The First Tetratomic Supermolecules Were Realized at Nanokelvin Temperatures

The First Tetratomic Supermolecules Were Realized at Nanokelvin Temperatures

For the first time, a collaboration of experimentalists from the Max Planck Institute of Quantum Optics (MPQ) and theorists at the Chinese Academy of Sciences (CAS) has successfully populated and stabilized a new type of molecule, known as field-linked tetratomic molecules. These “supermolecules” are so fragile that they can only live at extremely low temperatures. Their existence had long been hypothesized, but it had never been proven experimentally—until now.

The polyatomic molecules developed in this new study include more than two atoms and have been effectively cooled to 134 nanokelvin, which is more than 3,000 times colder than the temperature of previously created tetratomic molecules. This achievement is not only a remarkable feat in molecular physics, but it also represents a substantial advancement in the study of strange ultracold materials. The findings are reported in Nature.

About two decades ago, American theoretical physicist John Bohn and his colleagues predicted a novel type of binding between polar molecules: If the molecules have an asymmetrically distributed charge—what physicists call polarity—they can combine in an electric field to form weakly bound “supermolecules.”

The First Tetratomic Supermolecules Were Realized at Nanokelvin Temperatures

These polar molecules behave like compass needles inside a rigid shell. When compass needles are brought close together, they have a stronger pull than the Earth’s magnetic field and point toward each other rather than north.

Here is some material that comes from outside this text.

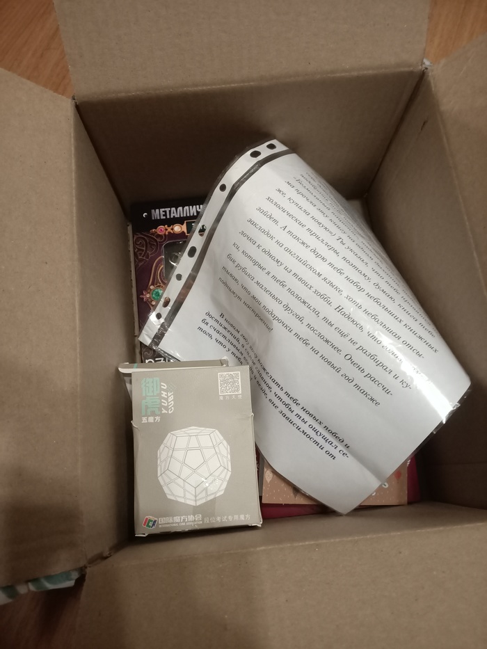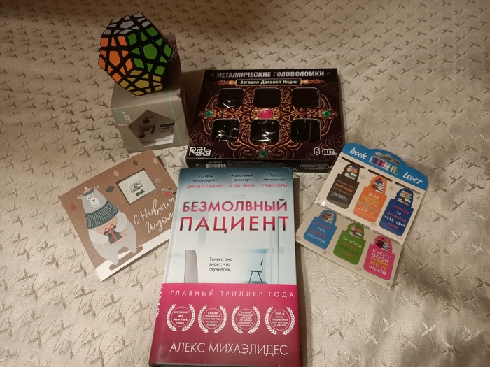 Вау! Были учтены все пожелания, и отправлено именно то, что я люблю больше всего - головоломки, а также крутой детектив (со слов отправителя - он правда крутой, и подаренные закладки отлично его дополняют). В новогодней открытке таинственно спряталась шоколадка и красивый почерк Санты :)

A similar phenomenon may be observed with polar molecules, which, under certain conditions, can establish a distinct bound state through electrical forces. Their bond is reminiscent of a dancing couple hugging each other firmly but maintaining a certain space.

The bonded state of supermolecules is significantly weaker than ordinary chemical bonds, but it also has a far greater range. Supermolecules have bond lengths that are hundreds of times longer than usually bound molecules.

Because of their long-range nature, such supermolecules are extremely sensitive: even minor changes in the electric field parameters at a critical value cause huge changes in the forces between the molecules, a phenomenon known as “field-linked resonance.” This allows the researchers to control the form and size of the molecules using a microwave field.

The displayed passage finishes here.